CHEM 105b LAB FINAL

Significant figures of graduated cylinder?

3 sig figs.

Significant Figures of a burette?

4 sig figs.

Experiment #1 (Kinetics): What is the reaction?

2H2O2 -> 2H2O + O2

Experiment #1 (Kinetics): What is the reaction mechanism?

H2O2 + I- -> H2O + IO-

H2O2 + IO- -> H2O + O2 + I-

Experiment #1 (Kinetics): What is the rate law?

rate = k[H2O2]^m[I-]^n

Experiment #1 (Kinetics): Experiment Overview

Observe the amount of oxygen gas produced over time.

Experiment #1 (Kinetics): How to calculate the rate of relative volume produced?

Vol O2 (g) / (Vol sln * ∆t)

Experiment #1 (Kinetics): Why is it important to use relative volume of oxygen rather than absolute volume of oxygen?

We should use relative volume (Vol O2 / Vol Sln) in order to account for differences in total volume of each solution. Since concentration affects reaction rate, disparities in solution volume will affect our calculations, so we must use relative oxygen produced.

Experiment #1 (Kinetics): Why must temperature be held constant for trials 1-5?

Temperature affects the rate constant. If we have inconsistent temperatures, the reaction rate will vary and will make calculations inaccurate.

Experiment #1 (Kinetics): Objectives?

Study the reaction rate of a catalyzed reaction. How does changing concentration of H2O2 and KI affect reaction rate? Use initial concentrations and initial rates to determine rate law. How does changing temperature affect the reaction rate?

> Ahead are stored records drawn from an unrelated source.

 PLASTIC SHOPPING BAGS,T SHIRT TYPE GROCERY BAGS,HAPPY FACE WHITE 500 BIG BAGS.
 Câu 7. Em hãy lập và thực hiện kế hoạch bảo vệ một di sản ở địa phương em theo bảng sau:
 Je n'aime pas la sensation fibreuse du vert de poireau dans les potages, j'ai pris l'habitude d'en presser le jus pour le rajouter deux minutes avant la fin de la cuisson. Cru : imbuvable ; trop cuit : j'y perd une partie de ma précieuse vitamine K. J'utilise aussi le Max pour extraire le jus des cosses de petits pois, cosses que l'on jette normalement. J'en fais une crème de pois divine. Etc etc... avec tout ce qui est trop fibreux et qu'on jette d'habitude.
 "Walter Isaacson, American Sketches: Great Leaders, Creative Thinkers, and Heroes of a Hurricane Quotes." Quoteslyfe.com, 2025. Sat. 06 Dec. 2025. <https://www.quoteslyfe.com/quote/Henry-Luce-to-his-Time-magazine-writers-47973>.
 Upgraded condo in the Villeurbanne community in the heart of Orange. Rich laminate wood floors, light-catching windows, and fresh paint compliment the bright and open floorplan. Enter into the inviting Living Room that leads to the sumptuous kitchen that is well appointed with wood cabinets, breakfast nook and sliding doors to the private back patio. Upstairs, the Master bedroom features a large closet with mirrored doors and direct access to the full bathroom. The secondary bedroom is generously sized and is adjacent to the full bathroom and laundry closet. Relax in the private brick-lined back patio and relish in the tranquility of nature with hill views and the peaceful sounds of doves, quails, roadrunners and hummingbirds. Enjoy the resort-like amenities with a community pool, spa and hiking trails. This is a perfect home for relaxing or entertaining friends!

Experiment #1 (Kinetics): How to set up the apparatus?

unstoppered flask connected to Pipet A, which is connected to Pipet B. Fill pipet B with water until Pipet A is full and pipet B is empty. stopper flask and lower pipet B. There are no leaks if there is small water level changes but then becomes the same afterwards.

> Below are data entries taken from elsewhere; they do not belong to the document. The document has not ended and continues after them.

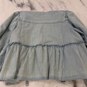 Chic denim jacket in soft blue. Features a stylish design with a tie front. See measurements. Super cute fit especially paired with skinny pants.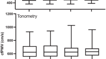 Arterial stiffness assessed by cfPWV is associated with several pathological conditions1, 2, 3, 4 and has been identified as a risk factor for cardiovascular disease.5 This indirect measurement of arterial stiffness is considered the gold standard of PWV measurement,6 and is based on estimating the velocity of the pressure wave travelling between the carotid and femoral arterial sites. Velocity is determined by calculating the transit time (TT) based on foot-to-foot methodology and by measuring the distance between the carotid and femoral recording sites along the body surface using a tape measure.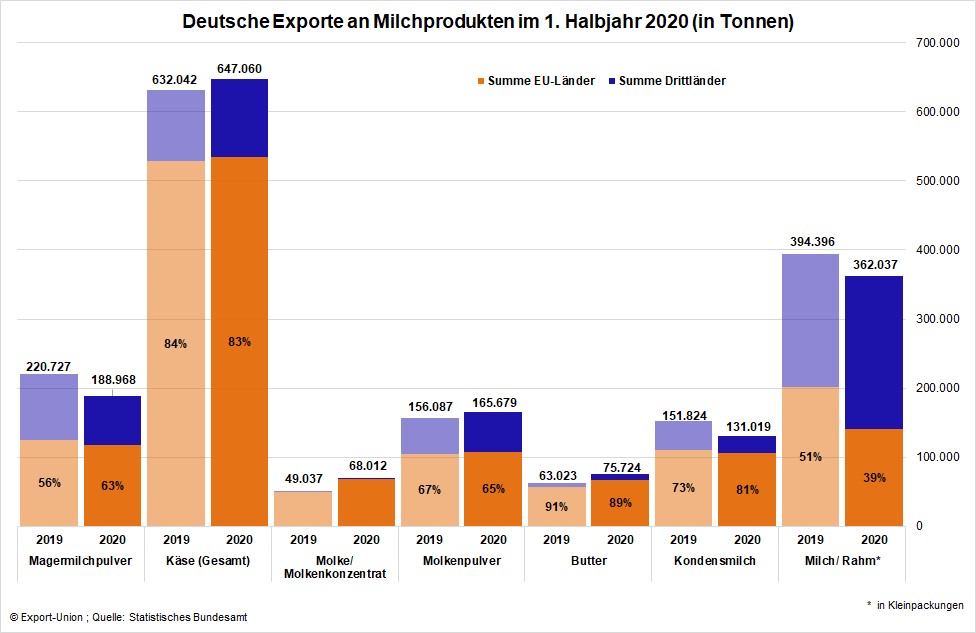Es ist so weit: Die Halbjahresergebnisse für den Außenhandel liegen vor. In diesem Jahr mit größerer Spannung erwartet, um die Effekte der Corona-Krise messbar zu machen.Die gute Nachricht zuerst: Die Exportmengen einiger wichtiger Produkte wie Käse, Milchmischgetränke, Butter und Molkenprodukte konnten das Vorjahresergebnis zum Teil erheblich toppen. Käse erzielte immerhin ein Plus von 2,4 Prozent, Butter sogar eine Steigerung von 20 Prozent.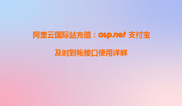 阿里云国际站充值:ASP.NET 支付宝及时到帐接口使用详解
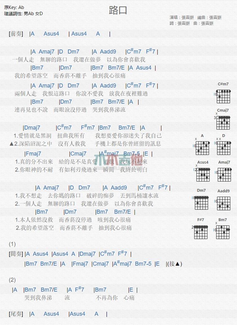 吉他张震岳《路口》吉他谱_A调和弦弹唱谱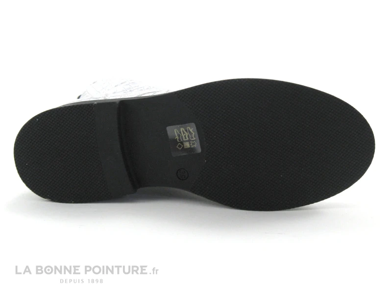 Cette chaussure montante originale est en cuir blanc effet croco, avec de petites touches de gris foncé sur les écailles.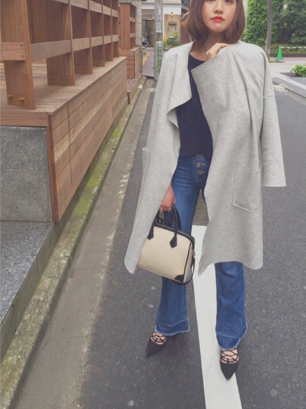 mica hanedaのボストンバッグ「コンビミニボストン『BAILA 6月号掲載』」を使ったコーディネート

Experiment #1 (Kinetics): What temperatures will trials #1-5 and trial #6 be held in?

Trials #1-5 will be in room temperature (20 - 25˚C). Trial #6 will be be held INSIDE a warm water bath (30-35˚C).

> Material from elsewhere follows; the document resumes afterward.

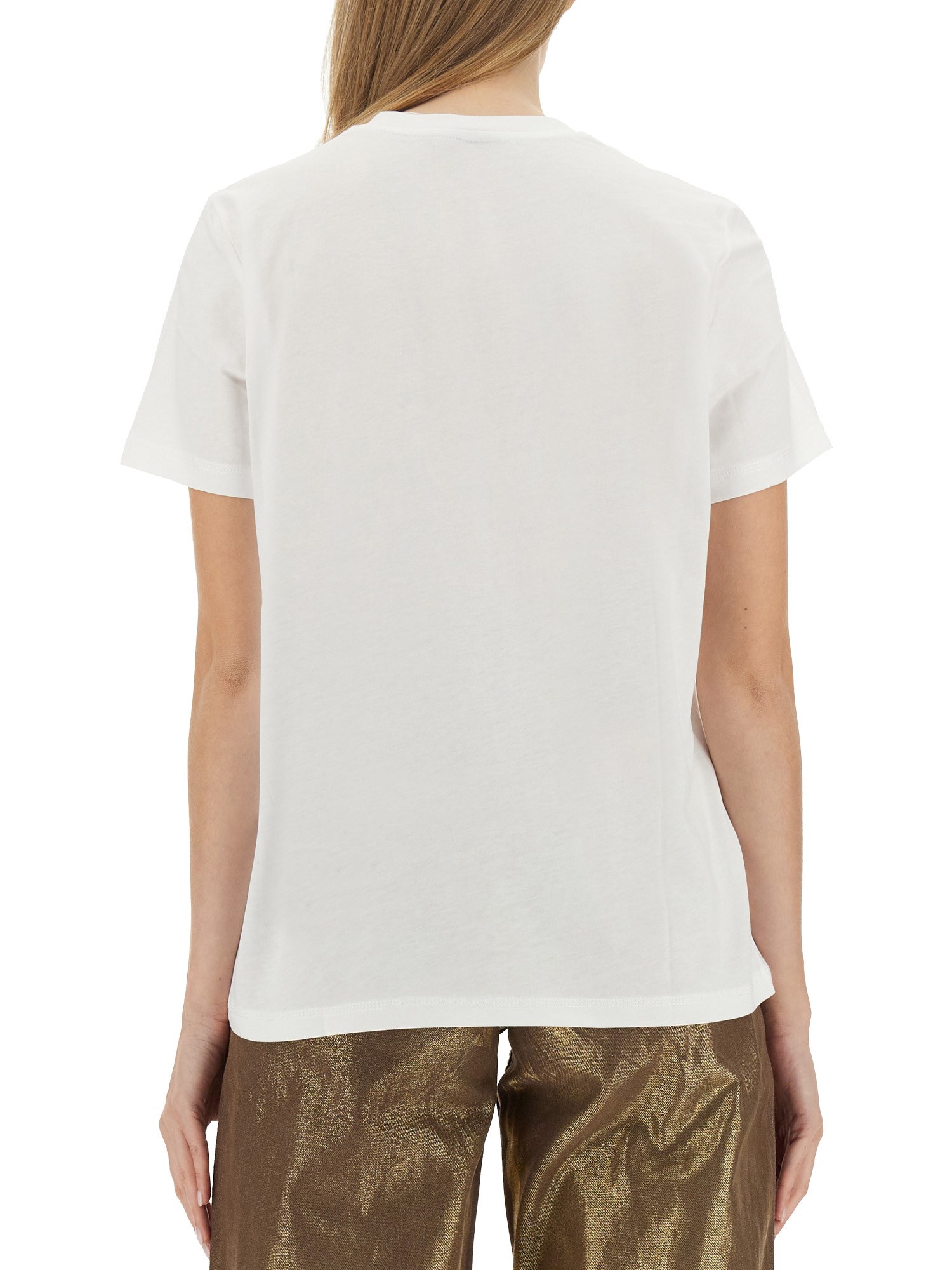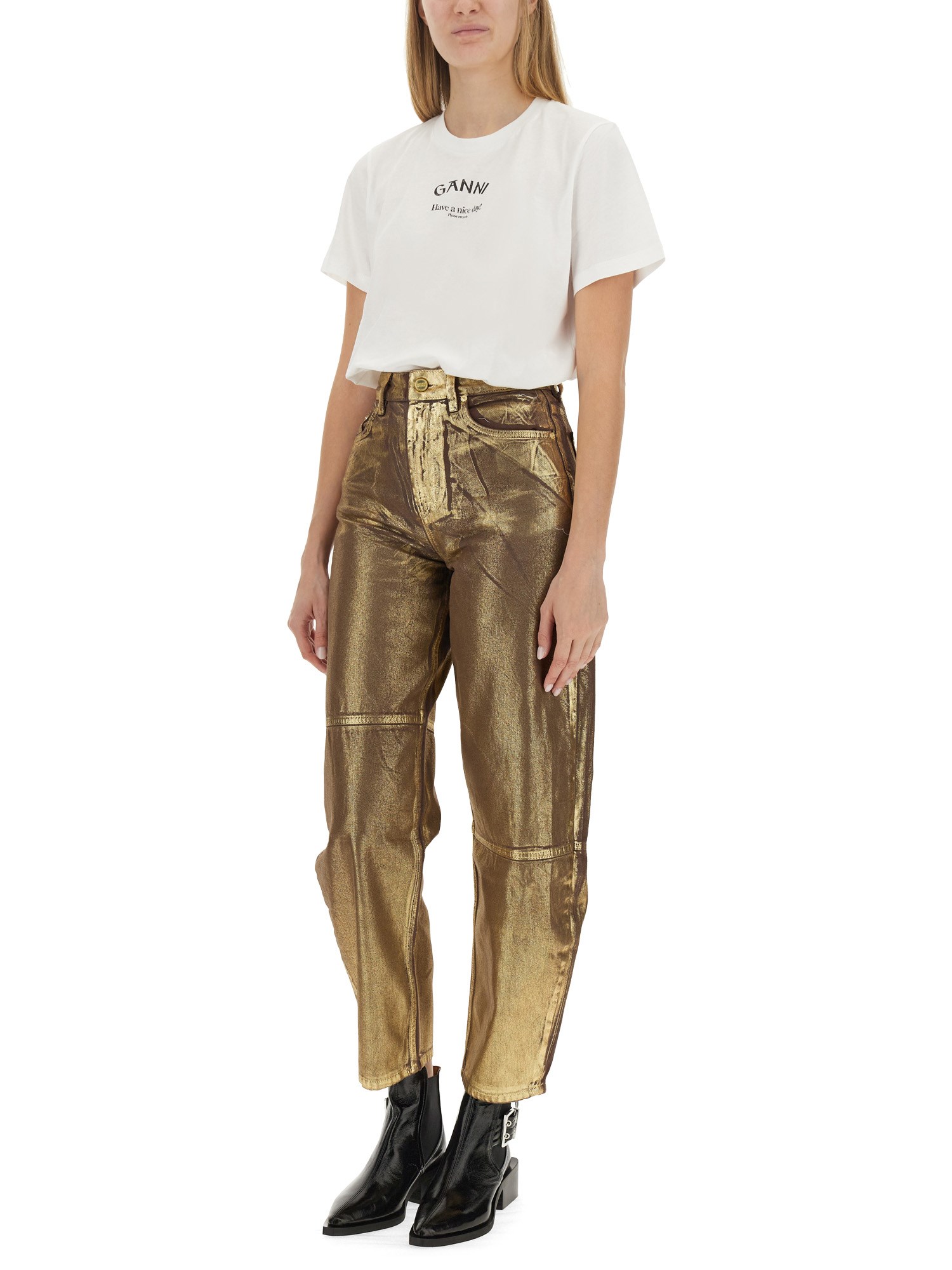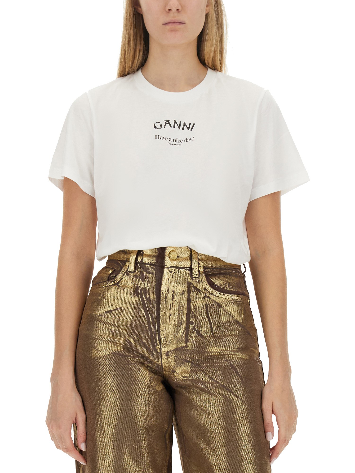 This Ganni logo T-shirt combines contemporary style with comfort, featuring a distinctive logo that embodies the brand's modern aesthetic. Crafted from high-quality materials, it offers a soft feel against the skin while ensuring durability. The versatile design makes it suitable for various occasions, whether paired with jeans for a casual look or dressed up with a skirt. Elevate your wardrobe with this essential piece that reflects both fashion-forward thinking and effortless elegance.

Experiment #1 (Kinetics): What are the three constituents being used in each reaction and what is the total volume of each solution?

H2O2, KI, and DI water. Each solution should be ~15ml.

Experiment #1 (Kinetics): What should you be doing while the reaction is occurring?

One person will pour in H2O2 into the flask, stopper it, and swirl it. The other person should be making sure the water levels in Pipet A and Pipet B are even.

Experiment #1 (Kinetics): Why is it important to keep the water levels equal?

So that the pressure is even and that the volume of gas is measured at atmospheric pressure.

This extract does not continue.